● **Your instructions**
With the images removed, transcribe the listing that follows exactly.

-------- Dataset content --------

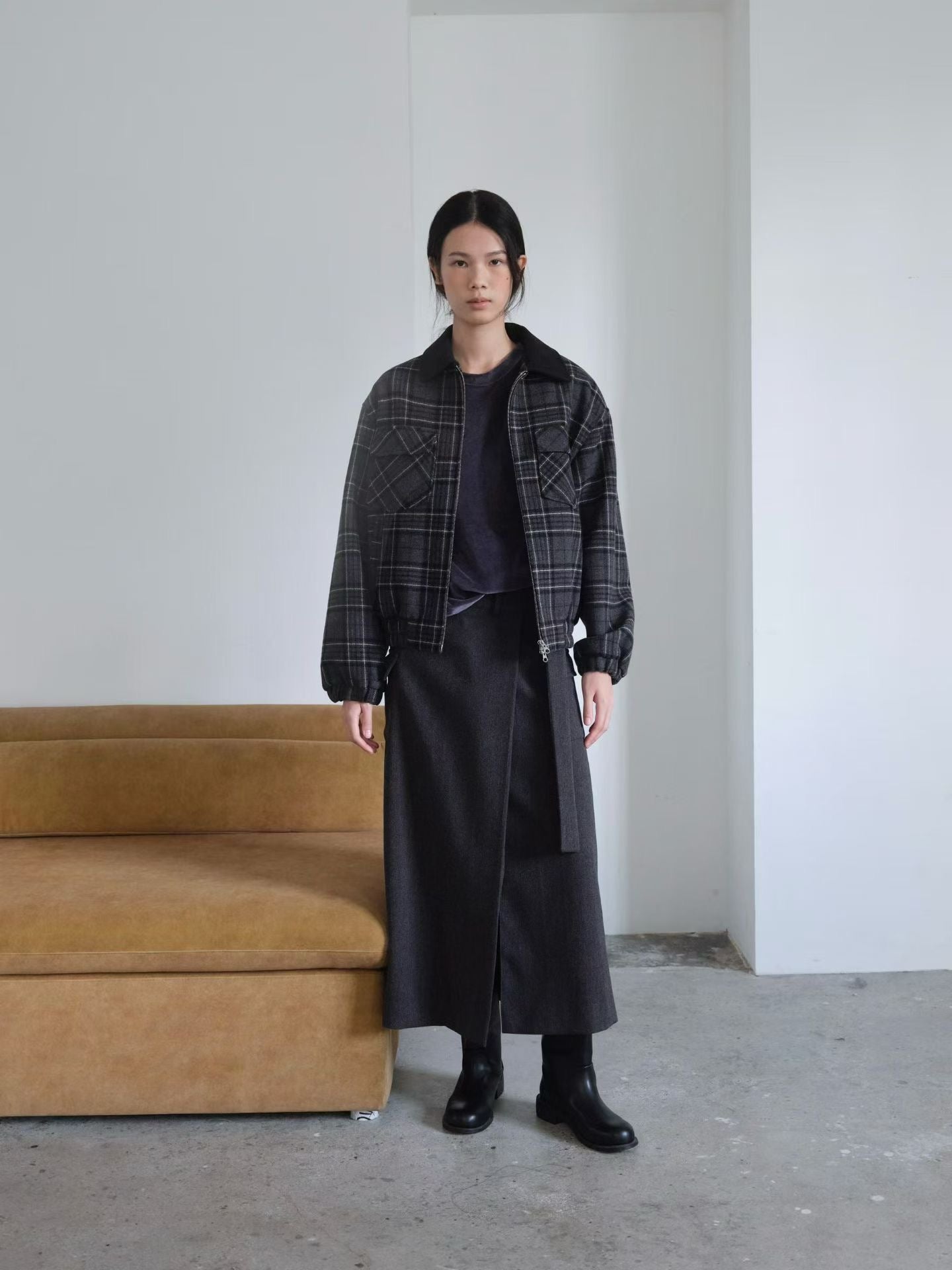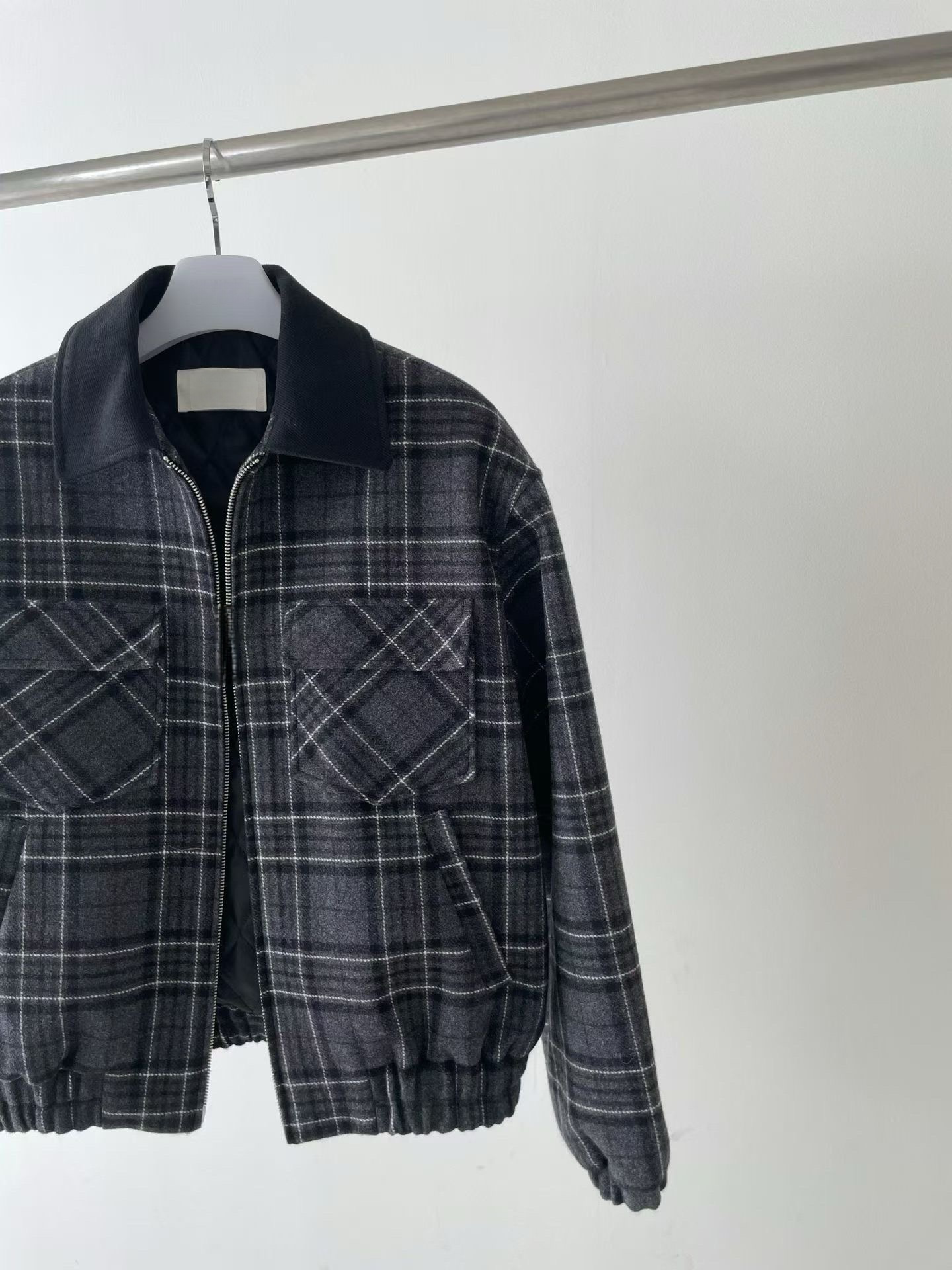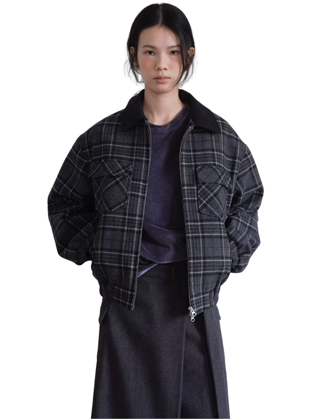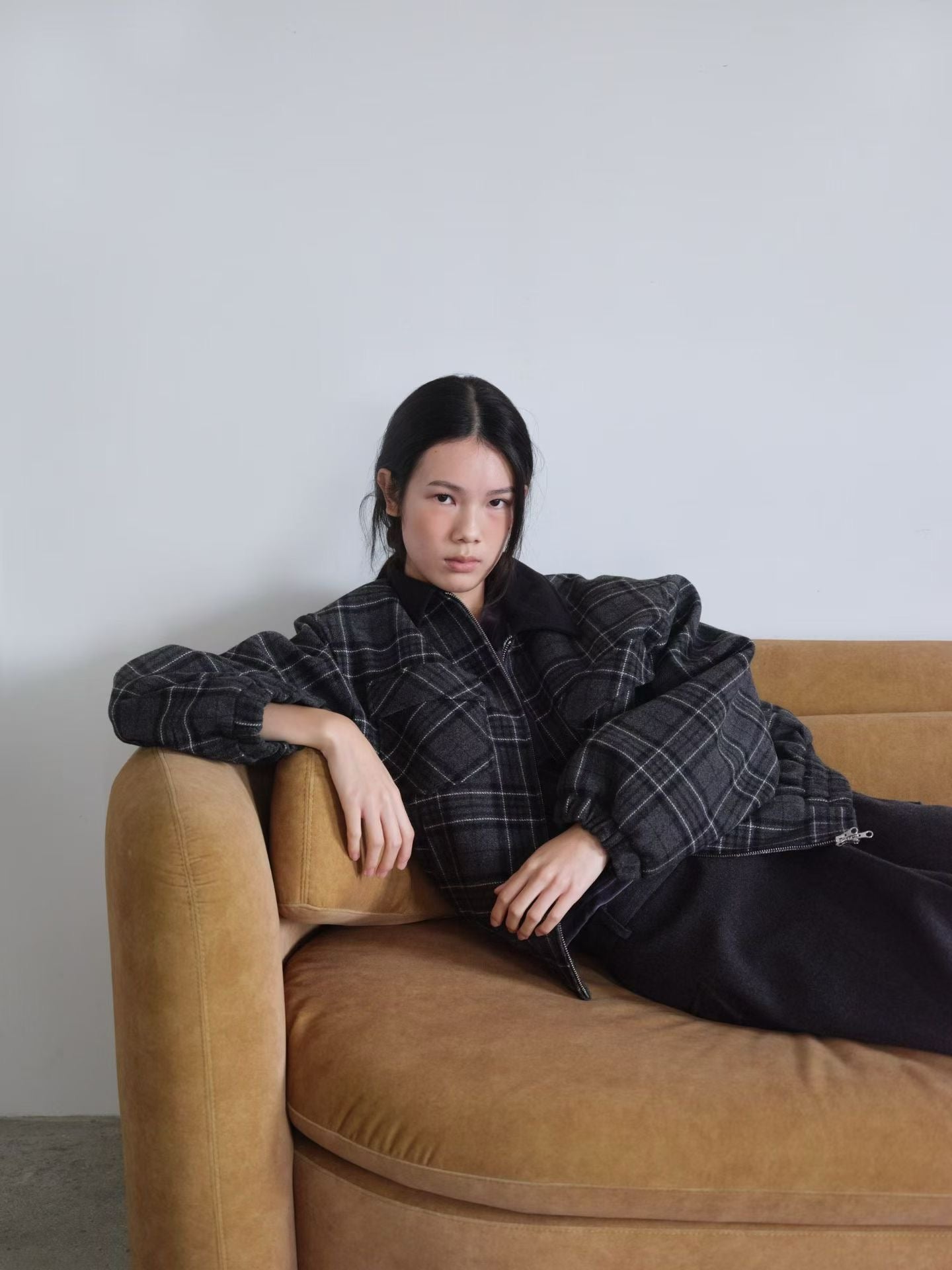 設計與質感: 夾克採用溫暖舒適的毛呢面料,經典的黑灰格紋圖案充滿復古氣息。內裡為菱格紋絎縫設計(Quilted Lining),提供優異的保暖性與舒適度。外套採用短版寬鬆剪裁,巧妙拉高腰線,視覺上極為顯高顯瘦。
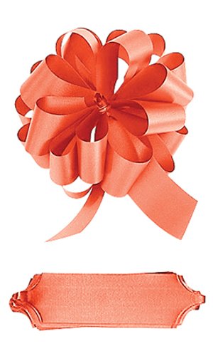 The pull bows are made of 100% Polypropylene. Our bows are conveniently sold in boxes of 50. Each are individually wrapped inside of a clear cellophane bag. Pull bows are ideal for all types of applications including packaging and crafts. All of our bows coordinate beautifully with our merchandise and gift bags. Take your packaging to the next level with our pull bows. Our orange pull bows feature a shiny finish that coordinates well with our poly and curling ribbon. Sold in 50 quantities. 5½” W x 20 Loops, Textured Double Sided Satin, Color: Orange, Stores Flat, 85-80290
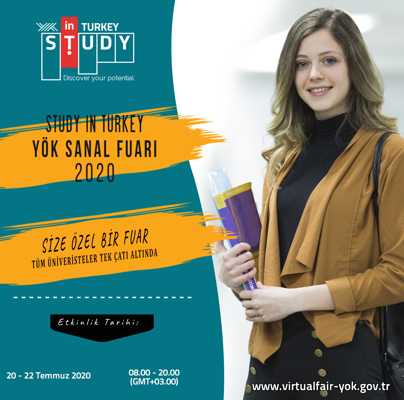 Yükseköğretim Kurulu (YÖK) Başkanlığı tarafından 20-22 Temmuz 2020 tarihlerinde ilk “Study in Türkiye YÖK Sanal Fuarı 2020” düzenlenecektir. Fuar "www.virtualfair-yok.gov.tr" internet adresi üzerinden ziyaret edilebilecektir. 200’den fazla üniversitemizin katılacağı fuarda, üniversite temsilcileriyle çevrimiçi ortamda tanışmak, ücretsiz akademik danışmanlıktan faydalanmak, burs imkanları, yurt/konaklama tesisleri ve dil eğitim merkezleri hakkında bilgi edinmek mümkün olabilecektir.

--------

● **Exercise solution**
 設計與質感: 夾克採用溫暖舒適的毛呢面料,經典的黑灰格紋圖案充滿復古氣息。內裡為菱格紋絎縫設計(Quilted Lining),提供優異的保暖性與舒適度。外套採用短版寬鬆剪裁,巧妙拉高腰線,視覺上極為顯高顯瘦。
 The pull bows are made of 100% Polypropylene. Our bows are conveniently sold in boxes of 50. Each are individually wrapped inside of a clear cellophane bag. Pull bows are ideal for all types of applications including packaging and crafts. All of our bows coordinate beautifully with our merchandise and gift bags. Take your packaging to the next level with our pull bows. Our orange pull bows feature a shiny finish that coordinates well with our poly and curling ribbon. Sold in 50 quantities. 5½” W x 20 Loops, Textured Double Sided Satin, Color: Orange, Stores Flat, 85-80290
 Yükseköğretim Kurulu (YÖK) Başkanlığı tarafından 20-22 Temmuz 2020 tarihlerinde ilk “Study in Türkiye YÖK Sanal Fuarı 2020” düzenlenecektir. Fuar "www.virtualfair-yok.gov.tr" internet adresi üzerinden ziyaret edilebilecektir. 200’den fazla üniversitemizin katılacağı fuarda, üniversite temsilcileriyle çevrimiçi ortamda tanışmak, ücretsiz akademik danışmanlıktan faydalanmak, burs imkanları, yurt/konaklama tesisleri ve dil eğitim merkezleri hakkında bilgi edinmek mümkün olabilecektir.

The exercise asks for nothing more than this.